Shuffle phase workflow
Shuffle phase workflow

A few details on the different numbered steps :

  1. The map method from a mapper receives all (key,value) pairs from its split, provided by the InputFormat. This is the most important method that we usually code in a Mapper. In the previous part we filtered out and projected the input data in our implementation of this method.
  2. The outputs from the map method are partitioned for each user using the specified Partitioner. By default, the HashPartitioner is used in MapReduce. It uses the key’shashCode() value and perform a modulo on the number of reducers. This will randomize how the (key,value) pairs are stored in different partitions for each reducer based on the key. All pairs with the same key will be in the same partition and will end up in the same reducer.
  3. The data is sorted using the specified Sort Comparator the before being written to disk. The partitions are all written in a same temporary file.
  4. The reducers fetch all of their assigned partitions from all mappers. The partitions can either be written to a local temporary file, or stored in memory if they are small enough. This process is also known as “shuffling” because partitions are being shuffled around.
  5. The Sort Comparator is used again while merging all in-memory and on-disk partitions. Each reducer now has a fully sorted list of all (key,value) for all keys assigned to them by the partitioner.
  6. The Group Comparator is used to group values into a list. The reduce method will be called with parameters (key, list<values>) for each “different” key, according to the comparator’s definition of “same/different”.
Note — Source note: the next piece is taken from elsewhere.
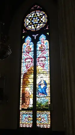 The church includes several impressive stained glass windows created by Detroit Stained Glass Works,[3][7] the successor to the well known firm of Friederichs and Staffin.[8] The major transept window illustrates the Holy Family in Saint Joseph's workshop. Eight windows lining the nave portray Christ, Mary, and several saints; this set of windows won a major prize at the 1893 World's Columbian Exposition in Chicago.[3]

In the previous part we only used 1 reducer, so there was no partitioning. We did not define a group comparator, so grouping was done naturally on Text equality (first job) and FloatWritable equality (second job). In the second job we defined a Sort Comparator to get a descending order on float values.

Secondary Sort

Secondary sort is a technique which can be used for sorting data on multiple field. It relies on using a Composite Key which will contain all the values we want to use for sorting.
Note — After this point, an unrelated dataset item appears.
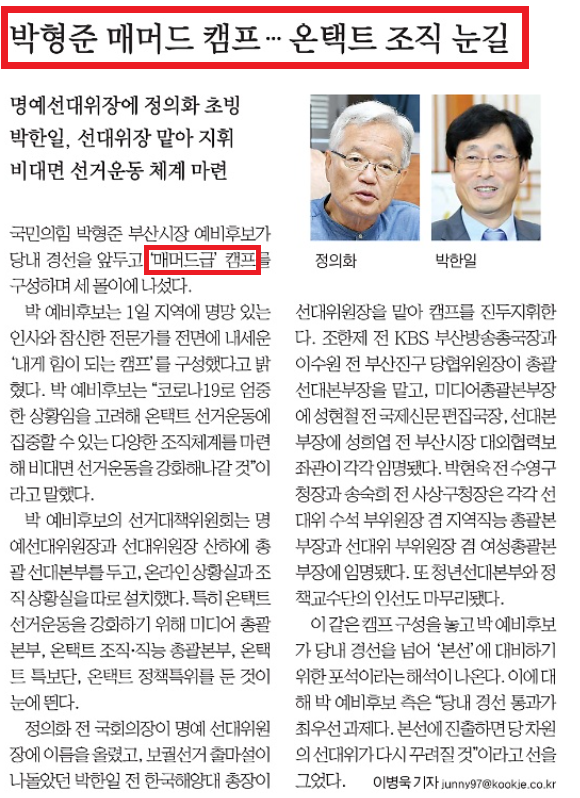 두 기사 모두 박형준 후보 선거 캠프를 ‘용광로 캠프’, ‘매머드급 캠프’라 별칭을 붙이고 캠프 구성원을 자세히 소개하여, 특정 후보 캠프 세 과시에 힘을 실어주는 모습이었습니다.

In this section we will read our “donations” Sequence File, and map each donation record to a (CompositeKey, DonationWritable) pair before shuffling and reducing.

All classes used in this section can be viewed on GitHub in this package : https://github.com/nicomak/[…]/secondarysort.
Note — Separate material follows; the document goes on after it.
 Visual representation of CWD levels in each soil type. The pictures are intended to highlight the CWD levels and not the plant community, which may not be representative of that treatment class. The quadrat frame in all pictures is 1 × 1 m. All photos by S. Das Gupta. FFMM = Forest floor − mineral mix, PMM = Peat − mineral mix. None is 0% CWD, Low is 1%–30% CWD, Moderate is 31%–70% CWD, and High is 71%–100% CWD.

The MapReduce secondary sort job which is executed to get our query results is in the OrderByCompositeKey.java (view) file from the same package.

Composite Key

Our query wants to sort the results on 3 values, so we create a WritableComparable class called CompositeKey (view) with the following 3 attributes :

  • state (String) – This one will be used as our natural key (or primary key) for partitioning
  • city (String) – A secondary key for sorting keys with same “state” natural key within a partition
  • total (float) – Another secondary key for further sorting when the “city” is the same

Note : I implemented the compareTo() in this class, but it’s simply as default natural ordering, comparing all fields in ascending order. Our query wants to sort the “total” field in descending order, and for that we will create a specific Sort Comparator in the next paragraph.

Sort Comparator

As seen in the diagram, if we want our results to be ordered on all 3 attributes of the CompositeKey, we must use a Sort Comparator which orders by priority of [state,city,-total]. As we did in the previous part, we create a class which extends WritableComparator and implement the compare() method for our ordering needs :

import org.apache.hadoop.io.WritableComparable;
import org.apache.hadoop.io.WritableComparator;

public class FullKeyComparator extends WritableComparator {

    public FullKeyComparator() {
        super(CompositeKey.class, true);
    }
    
    @SuppressWarnings("rawtypes")
    @Override
    public int compare(WritableComparable wc1, WritableComparable wc2) {
        
        CompositeKey key1 = (CompositeKey) wc1;
        CompositeKey key2 = (CompositeKey) wc2;
        
        int stateCmp = key1.state.toLowerCase().compareTo(key2.state.toLowerCase());
        if (stateCmp != 0) {
            return stateCmp;
        } else {
            int cityCmp = key1.city.toLowerCase().compareTo(key2.city.toLowerCase());
            if (cityCmp != 0) {
                return cityCmp;
            } else {
                return -1 * Float.compare(key1.total, key2.total);
            }
        }
    }
}

We then set this class as the Sort Comparator with job.setSortComparatorClass(FullKeyComparator.class).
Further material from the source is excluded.